Write out, without any change, the lines in the material below that run from the line with "2.0MM 알루미늄 튜브]" through the line with "Featuring a cream", both included.

=== Material supplied ===
##########
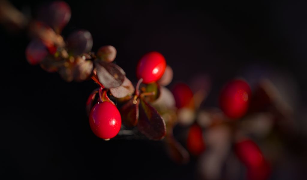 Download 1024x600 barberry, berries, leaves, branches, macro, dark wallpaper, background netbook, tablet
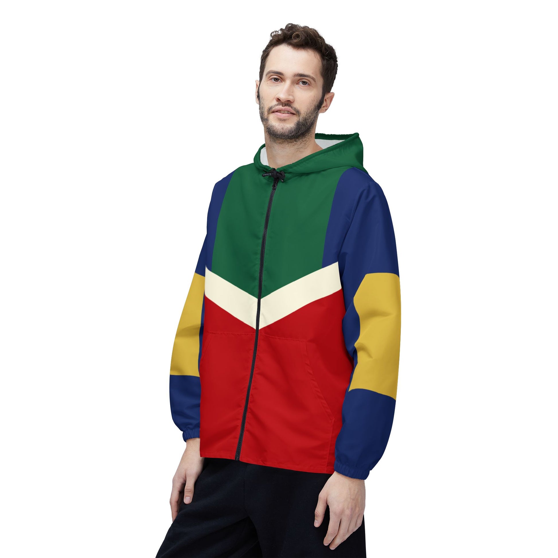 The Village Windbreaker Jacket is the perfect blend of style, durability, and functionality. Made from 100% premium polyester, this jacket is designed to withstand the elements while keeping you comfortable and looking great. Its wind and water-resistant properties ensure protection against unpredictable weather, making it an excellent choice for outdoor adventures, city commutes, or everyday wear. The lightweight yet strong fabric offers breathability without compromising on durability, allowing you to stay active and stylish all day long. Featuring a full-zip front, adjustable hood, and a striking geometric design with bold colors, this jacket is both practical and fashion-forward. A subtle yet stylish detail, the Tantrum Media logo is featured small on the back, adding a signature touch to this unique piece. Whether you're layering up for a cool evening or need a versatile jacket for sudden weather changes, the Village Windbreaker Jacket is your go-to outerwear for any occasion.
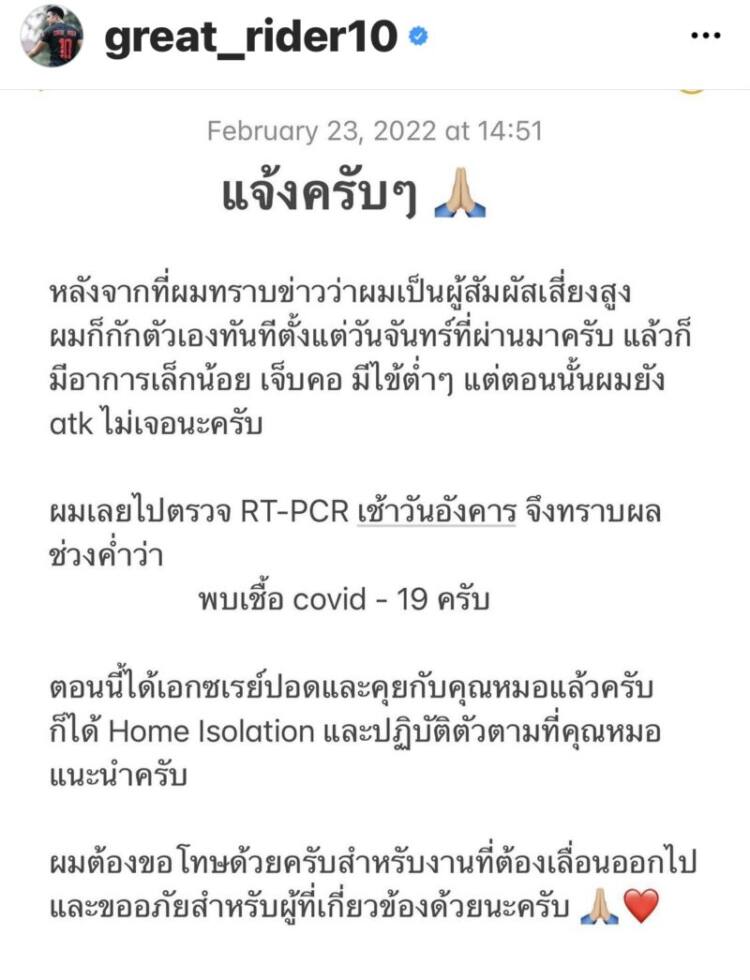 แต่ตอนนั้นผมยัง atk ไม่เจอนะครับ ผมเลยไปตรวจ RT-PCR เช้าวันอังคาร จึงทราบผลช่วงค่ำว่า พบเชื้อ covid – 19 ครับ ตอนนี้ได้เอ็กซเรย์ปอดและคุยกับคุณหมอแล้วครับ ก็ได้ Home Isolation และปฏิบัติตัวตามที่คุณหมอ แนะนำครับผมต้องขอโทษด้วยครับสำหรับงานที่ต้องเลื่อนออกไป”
##########
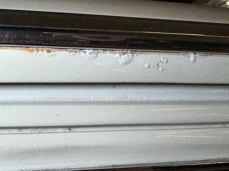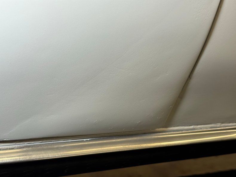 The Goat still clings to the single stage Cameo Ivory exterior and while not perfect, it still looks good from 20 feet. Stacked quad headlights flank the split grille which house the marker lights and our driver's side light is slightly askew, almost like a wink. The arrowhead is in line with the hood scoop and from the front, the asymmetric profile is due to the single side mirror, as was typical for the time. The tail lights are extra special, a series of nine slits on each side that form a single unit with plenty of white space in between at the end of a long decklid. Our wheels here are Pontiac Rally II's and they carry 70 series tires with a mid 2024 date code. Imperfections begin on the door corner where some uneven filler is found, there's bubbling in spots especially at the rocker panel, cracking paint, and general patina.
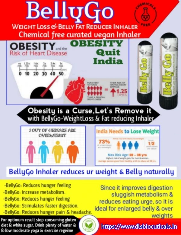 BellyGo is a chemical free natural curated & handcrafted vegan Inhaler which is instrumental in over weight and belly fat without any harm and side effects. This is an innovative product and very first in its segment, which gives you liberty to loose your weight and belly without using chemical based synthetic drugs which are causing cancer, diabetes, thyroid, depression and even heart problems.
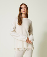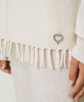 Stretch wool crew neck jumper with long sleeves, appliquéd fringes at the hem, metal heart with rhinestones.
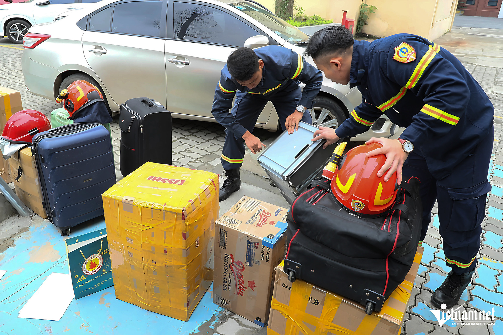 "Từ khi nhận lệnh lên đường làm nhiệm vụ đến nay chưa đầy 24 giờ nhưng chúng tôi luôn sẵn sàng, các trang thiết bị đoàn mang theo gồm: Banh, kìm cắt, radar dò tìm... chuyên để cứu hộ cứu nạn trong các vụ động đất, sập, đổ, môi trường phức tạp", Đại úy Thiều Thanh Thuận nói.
##########
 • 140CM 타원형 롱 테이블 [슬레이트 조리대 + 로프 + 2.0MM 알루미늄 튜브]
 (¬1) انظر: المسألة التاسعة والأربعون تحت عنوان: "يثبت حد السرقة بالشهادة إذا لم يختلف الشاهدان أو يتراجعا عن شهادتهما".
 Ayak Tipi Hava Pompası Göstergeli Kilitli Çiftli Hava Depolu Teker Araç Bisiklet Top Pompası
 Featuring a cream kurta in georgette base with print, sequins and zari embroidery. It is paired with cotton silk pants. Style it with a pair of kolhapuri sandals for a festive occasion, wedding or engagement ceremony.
##########
=== Completed exercise ===
 • 140CM 타원형 롱 테이블 [슬레이트 조리대 + 로프 + 2.0MM 알루미늄 튜브]
 (¬1) انظر: المسألة التاسعة والأربعون تحت عنوان: "يثبت حد السرقة بالشهادة إذا لم يختلف الشاهدان أو يتراجعا عن شهادتهما".
 Ayak Tipi Hava Pompası Göstergeli Kilitli Çiftli Hava Depolu Teker Araç Bisiklet Top Pompası
 Featuring a cream kurta in georgette base with print, sequins and zari embroidery. It is paired with cotton silk pants. Style it with a pair of kolhapuri sandals for a festive occasion, wedding or engagement ceremony.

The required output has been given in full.